The international political agenda should focus on defusing the threat of post-pandemic global economic conflicts, GMF report says

The international agenda should focus on defusing the threat of post-pandemic global economic conflicts in the months ahead, the German Marshall Fund of the United States (GMF) said in a report.
The GMF aims to strengthen transatlantic cooperation on regional, national, and global challenges and opportunities in the spirit of the Marshall Plan. The organization contributes to research and analysis and convenes leaders on transatlantic issues relevant to policymakers.
The world economy is headed for a recession, if not a depression.
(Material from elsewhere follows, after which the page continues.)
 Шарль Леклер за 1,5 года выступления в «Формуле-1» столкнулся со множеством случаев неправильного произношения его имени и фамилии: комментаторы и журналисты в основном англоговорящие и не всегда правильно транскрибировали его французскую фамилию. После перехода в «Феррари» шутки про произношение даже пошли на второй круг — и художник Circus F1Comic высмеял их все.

Goldman Sachs forecasted the US economic output to contract by 3.8 per-cent in 2020. The German economy is predicted to shrink by 4.2 per-cent and the French GDP by 6 per-cent in the first quarter of the year.
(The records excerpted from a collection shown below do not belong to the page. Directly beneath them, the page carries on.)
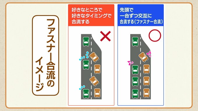 この合流方法は “ファスナー合流” と呼ばれ、規則正しく1台ずつ交互に、ファスナーのように合流する方法です。渋滞緩和の実績も上げています。
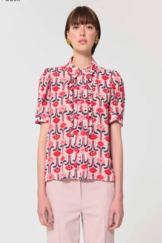 Top Theodora pale pink retro print
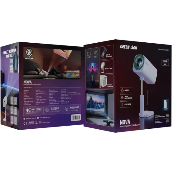 ویدئو پروژکتور Nova Smart از برند Green Lion یکی از مدلهای جدید و هوشمند این شرکت است که با هدف فراهمکردن تجربه سینمای خانگی واقعی در ابعادی کوچک طراحی شده است. این پروژکتور با رزولوشن Full HD و قابلیت نمایش تصویر تا اندازه ۱۲۰ اینچ، برای تماشای فیلم، بازی، کنفرانسهای کاری و کلاسهای آموزشی کاملاً مناسب است.از ویژگیهای برجستهی این مدل میتوان به پشتیبانی از اتصال Wi‑Fi و بلوتوث برای انتقال بیسیم تصویر و صدا، وجود سیستم Android داخلی برای پخش مستقیم فیلم یا استفاده از اپلیکیشنها (مانند Netflix و YouTube) و روشنایی قابل توجه آن اشاره کرد. لنز دستگاه دارای فوکوس دستی دقیق است و چراغ LED با طول عمر زیاد (تا حدود ۳۰٬۰۰۰ ساعت) تصویری شفاف و زنده ایجاد میکند.
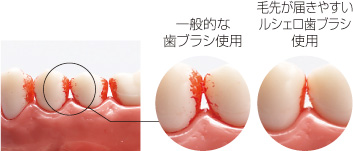 歯ブラシが歯と歯の間まで行き届かず、歯間部の磨き残しが目立ちます。
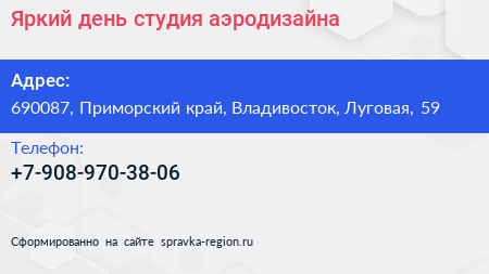 Яркий день, студия аэродизайна по адресу 690087, Приморский край, Владивосток, Луговая, 59 в дальнейшем Организация, размещена в следующих категориях:
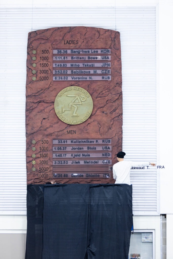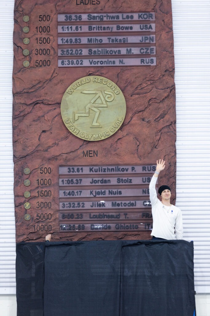 Cette deuxième journée avait également une saveur particulière pour Timothy Loubineaud. Le Français a été honoré lors de la Cérémonie du Mur des Records de Salt Lake City, un moment symbolique où il a apposé sa plaque officielle sur le légendaire « Record Wall » de l’Utah Olympic Oval.
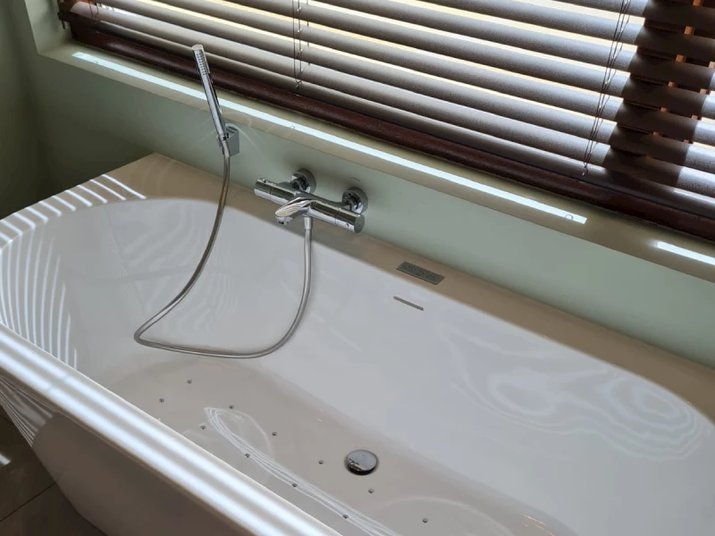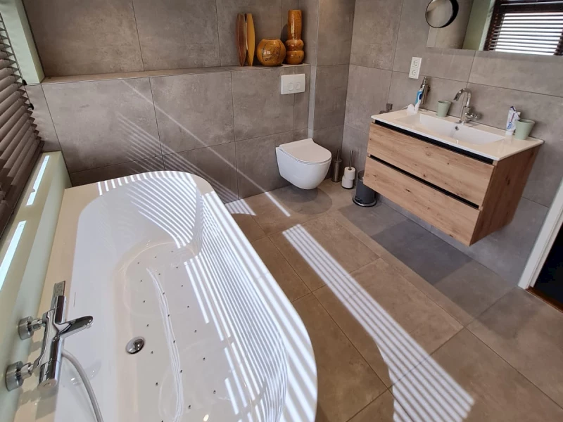 Deze prachtige badkamer is van alle luxe voorzien. Het luxe half vrijstaand bad heeft maar liefst 24 nanojets met een luchtmassagesysteem. Het badmeubel is in de kleur solid eik met 2 lades. Bovenop is een keramische wasbak met een hoge wastafelkraan in de kleur chroom gekozen. De douche is in een aparte nis geplaatst en is mooi ruim. Onder extra grote regendouche van maar liefst 31 cm doorsnede kan je perfect ontspannen. Daarnaast zorgt de Sunshower in de douche voor een extra wellness ervaring. De regendouche is in de kleur brushed graphit. De sfeer in de douche wordt mede bepaald door de luxe Mearten Ader Dark tegels.

“While the world is preoccupied with coping with the human toll wrecked by the coronavirus pandemic, the stage is rapidly being set for profound global economic conflicts in the months ahead,” Bruce Stokes, a non-resident transatlantic fellow at the GMS argues in a report.
Stokes calls for immediate economic measures to be coupled with further recovery efforts to aggravate long-festering policy differences between the US, China, Europe, and Japan.
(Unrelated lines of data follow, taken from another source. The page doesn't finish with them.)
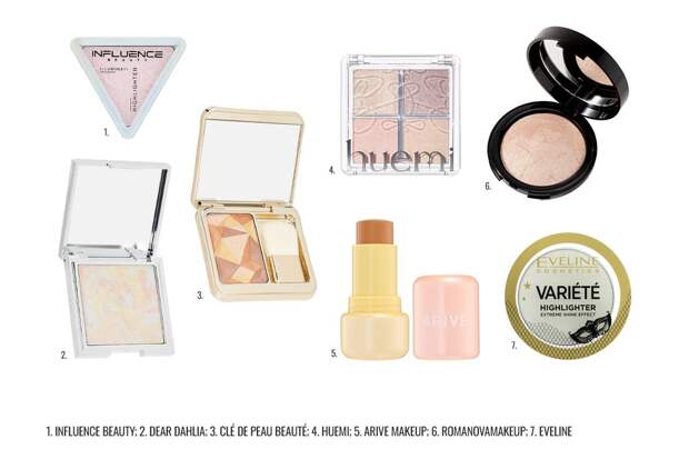 Нанесите хайлайтер на скулы, во внутренние уголки глаз, на спинку носа — и блестки начнут играть в лучах. Кожа будет выглядеть свежее и отдохнувшей. По желанию добавьте легкое сияние на открытые участки тела: ключицы или декольте — это сделает образ цельным.
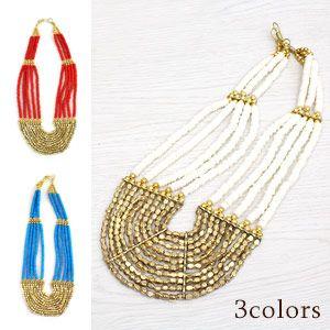 鮮やかビーズのエキゾチックネックレス3色展開 アジア工房 1166
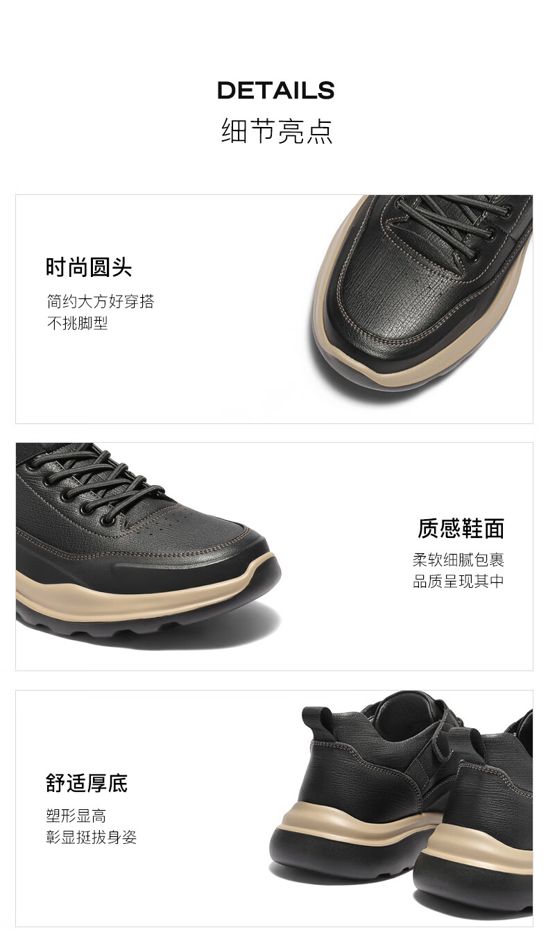 百丽通勤上班皮鞋男25新商场款牛皮革休闲商务鞋8TS01CM5加绒【预售】 棕色-单里 38 (240mm)
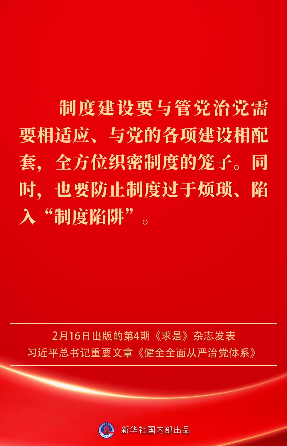 2月16日出版的第4期《求是》杂志发表习近平总书记重要文章《健全全面从严治党体系》。如何进一步健全要素齐全、功能完备、科学规范、运行高效的全面从严治党体系?习近平总书记阐明要旨——
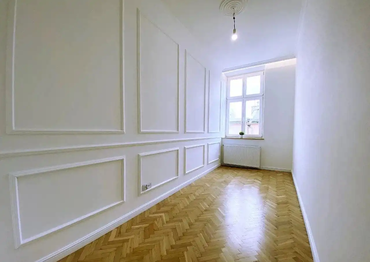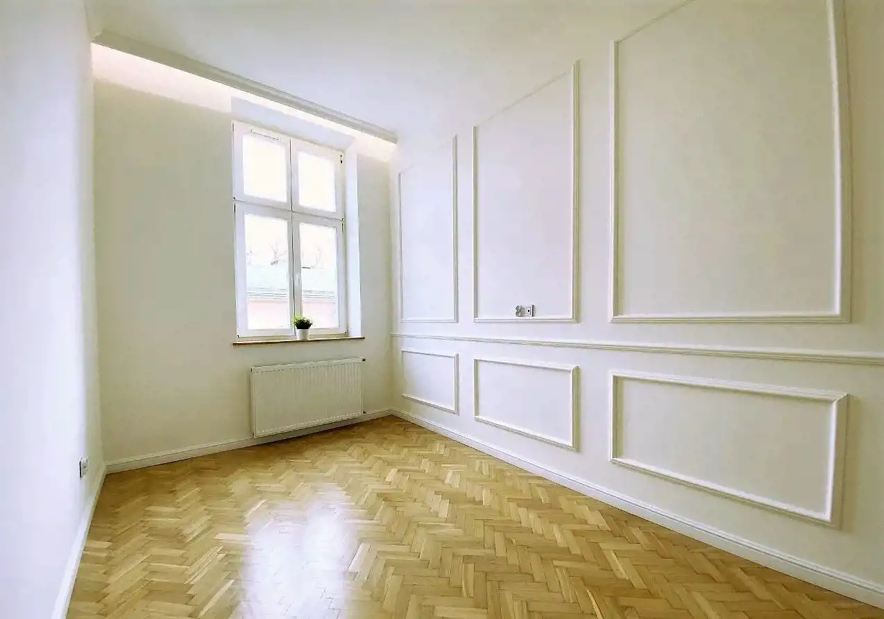 skrzydłowe ocieplane robione na wymiar, parkiet dębowy z lat 30 cyklinowany

Governments from around the world need to put in place recovery plans to mitigate post-pandemic economic frictions. “This should include looking for new understandings on permissible government aid and nationalization (…) what to do about unprecedented levels of peacetime debt, (…) and how to safeguard national companies from predatory foreign investors,” Stokes said.
Western governments and central banks, chastened by their slow recovery from the 2008 financial crisis, which was associated with inadequate initial spending, have now brought out their ‘financial bazookas’.
The US announced that it will make available at least $500 billion in loans to US companies. The UK also unveiled its plans to provide at least $400 billion in loan guarantees. Germany, which has promised to dip into its budget surplus, has already pledged $550 billion.
The GMS argues that this funding will “sow the seeds for future conflict”.
the US is now considering taking an equity position in domestic air carriers in return for state aid, as it did with the automotive industry in the wake of the Great Recession.
“The US, Europe, and others need to come up with common guidelines on what foreign investors can and cannot purchase: what is strategic and what is not. If they fail to do so, those with deep pockets—be they Chinese companies or US hedge funds—will play one country off against the other, feeding nationalist, populist backlashes,” Stokes said.
“There is an immediate and obvious need for a massive economic response to the coronavirus pandemic and the deepening global recession. But the urgency of the immediate should not blind us to inevitable future problems that are within our power to defuse,” Stokes concluded.